Можно было бы подумать, что такая идея изначально обречена на провал. Создание второго Улисса так же бесполезно, как создание второго Финнегана. На вершинах искусства только первые достижения имеют значение, так же как в истории альпинизма остаются лишь имена тех кто первыми покорил вершину. Ханнахан, достаточно терпимый к «Поминкам по Финнегану», невысокого мнения об Улиссе. «Что за идея», — говорит он, — «упаковать девятнадцатый век Европы и Ирландии в саркофагическую форму Одиссеи! Сам оригинал Гомера имеет сомнительную ценность. Да ведь это ваш комикс об античности, с Улиссом в роли Супермена и счастливым концом. Ex ungue leonem [из когтя льва]: в выборе модели мы видим калибр писателя. Одиссея — это пиратская копия Гильгамеша, изуродованная в угоду вкусам греческого hoi polloi [простого люда]. То, что в вавилонском эпосе представляло собой трагедию борьбы, увенчанной поражением, греки превращают в живописный приключенческий тур по Средиземноморью. ‘Navigare necesse est’, ‘жизнь - это путешествие’ — великие жемчужины мудрости. Одиссея — низшая точка плагиата; она разрушает всё величие битвы Гильгамеша». Надо признать, что Гильгамеш, как учит нас шумерология, на самом деле содержал темы, которые использует Гомер — темы Одиссея, Цирцеи, Харона — и, возможно, является самой старой версией трагической онтологии, потому что она проявляет то, что Райнер Мария Рильке тридцать шесть столетий спустя назвал ростом, который заключается в следующем: «der Tiefbesiegte von immer Gr;sserem zu sein». Судьба человека как битва, которая неизбежно ведёт к поражению — таков конечный смысл Гильгамеша.

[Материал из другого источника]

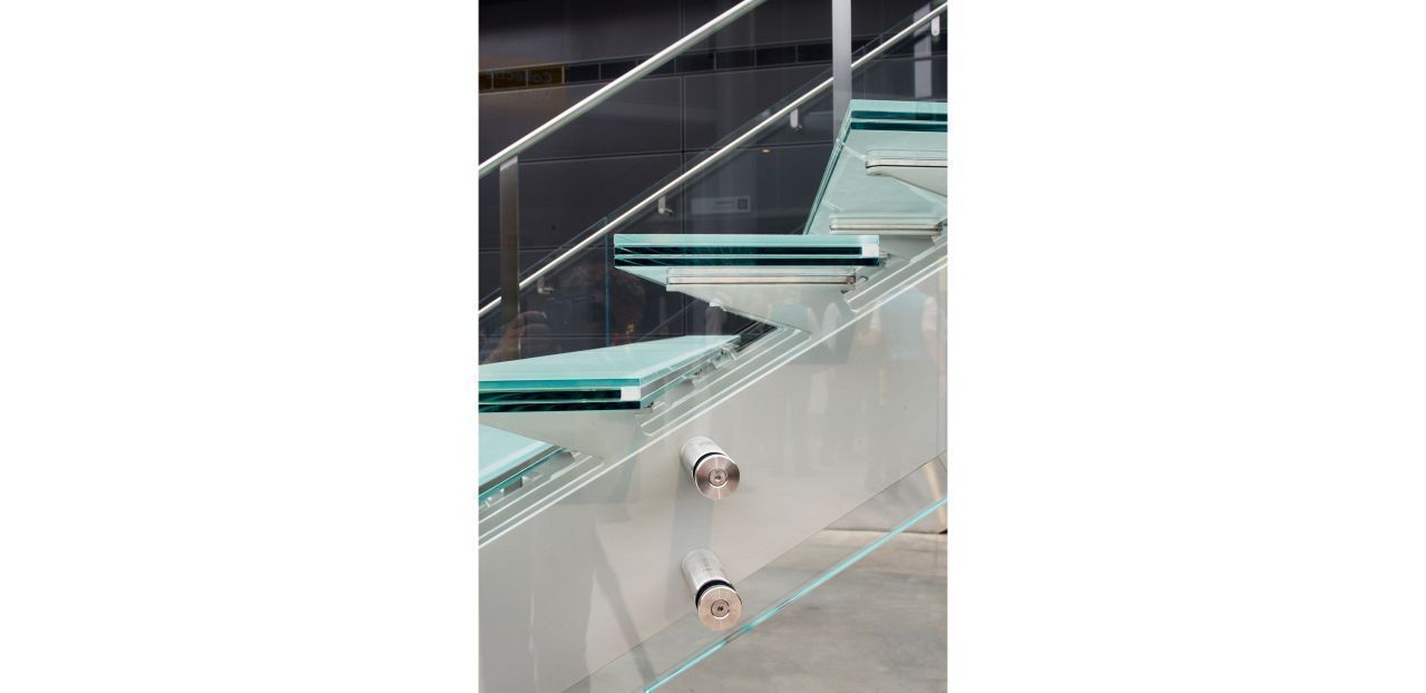 The entrance is marked by an 11-metre-long glass canopy that cantilevers 1.5 metres with a rigid connection of nearly half a metre. Inside the building stands a prominent glass staircase. This staircase rests on a triple-laminated glass arch and has LED lighting in the steps for a subtle evening accent.
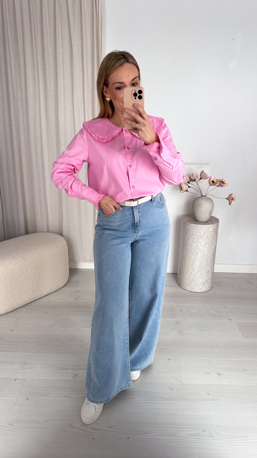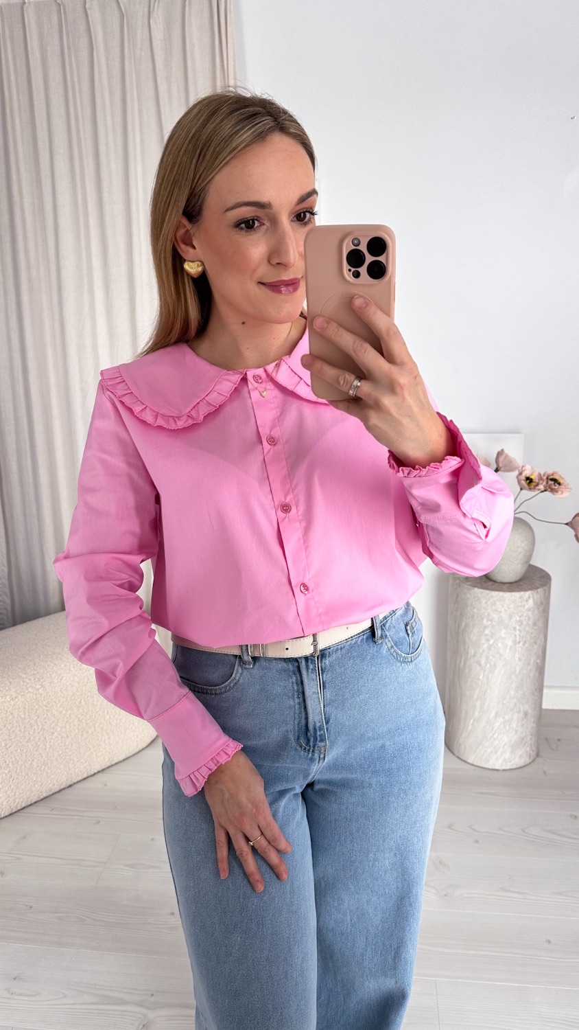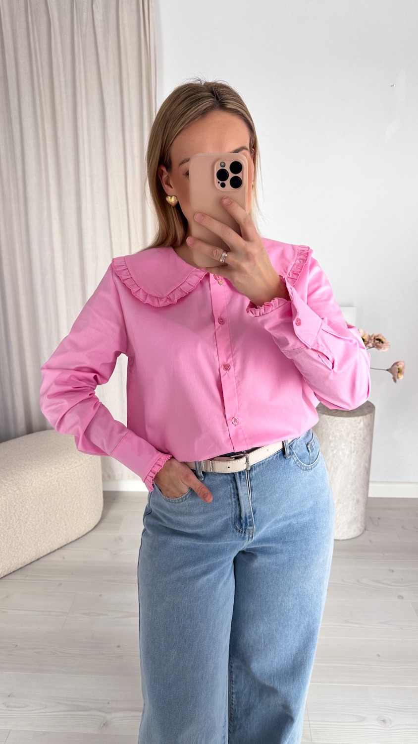 Ponadczasowa elegancja w wyjątkowym wydaniu! Klasyczna koszula z dużym, ozdobnym kołnierzem wykończonym falbanką to model, który przyciąga spojrzenia i nadaje stylizacjom romantycznego charakteru.

Именно на вавилонском цикле Патрик Ханнахан решил развернуть своё эпическое полотно — достаточно любопытное полотно, отметим, потому что его «Гигамеш» — история, крайне ограниченная во времени и пространстве. Известный гангстер, наёмный убийца и американский солдат (времён последней мировой войны) по имени Меш, разоблаченный в своей преступной деятельности информатором, неким Н. Кидди, должен быть повешен — по приговору военного трибунала — в небольшом городке в округе Норфолк, где расквартировано его подразделение. Всё действие занимает тридцать шесть минут – время, необходимое для транспортировки осуждённого из камеры к месту казни. Рассказ заканчивается изображением петли, чёрный контур которой, видимый на фоне неба, падает на шею спокойно стоящего Меша. Меш это, конечно, Гильгамеш, – полубожественный герой вавилонского эпоса, а тот, кто отправляет его на виселицу — его старый приятель Н. Кидди — это ближайший друг Гильгамеша Энкиду, созданный богами чтобы привести героя к падению. Когда мы представляем это таким образом, сходство в творческом методе между Улиссом и Гигамешем сразу становится очевидным. Но ради справедливости сосредоточимся на различиях между этими двумя произведениями. Наша задача облегчается тем, что Ханнахан — в отличие от Джойса! — снабдил свою книгу комментариями, которые в два раза длиннее самого романа (если быть точным, Гигамеш занимает 395 страниц, комментарии — 847). Мы сразу узнаём, как работает метод Ханнахана: первая, семидесятистраничная глава Комментария объясняет нам все расходящиеся намёки, которые исходят из одного-единственного слова, а именно, из названия. Гигамеш, очевидно, происходит сначала от Гильгамеша: с этим раскрывается мифический прототип, как и у Джойса, поскольку его Улисс также предоставляет классический референт прежде чем читатель приступает к первому слову текста. Пропуск буквы Л в имени Гигамеш не случаен; Л — это Люцифер, Князь Тьмы, присутствующий в произведении, хотя он и не появляется лично. Таким образом, буква (Л) относится к имени (Гигамеш), как Люцифер относится к событиям романа: он там есть, но невидим. Через «Логос» Л указывает на Начало (Каузальное Слово Бытия); через Лаокоона, Конец (ибо конец Лаокоона наступает из-за змей: он был задушен, как будет задушен — верёвкой — герой Гигамеша). У Л есть ещё девяносто семь отсылок, но мы не можем их все здесь изложить.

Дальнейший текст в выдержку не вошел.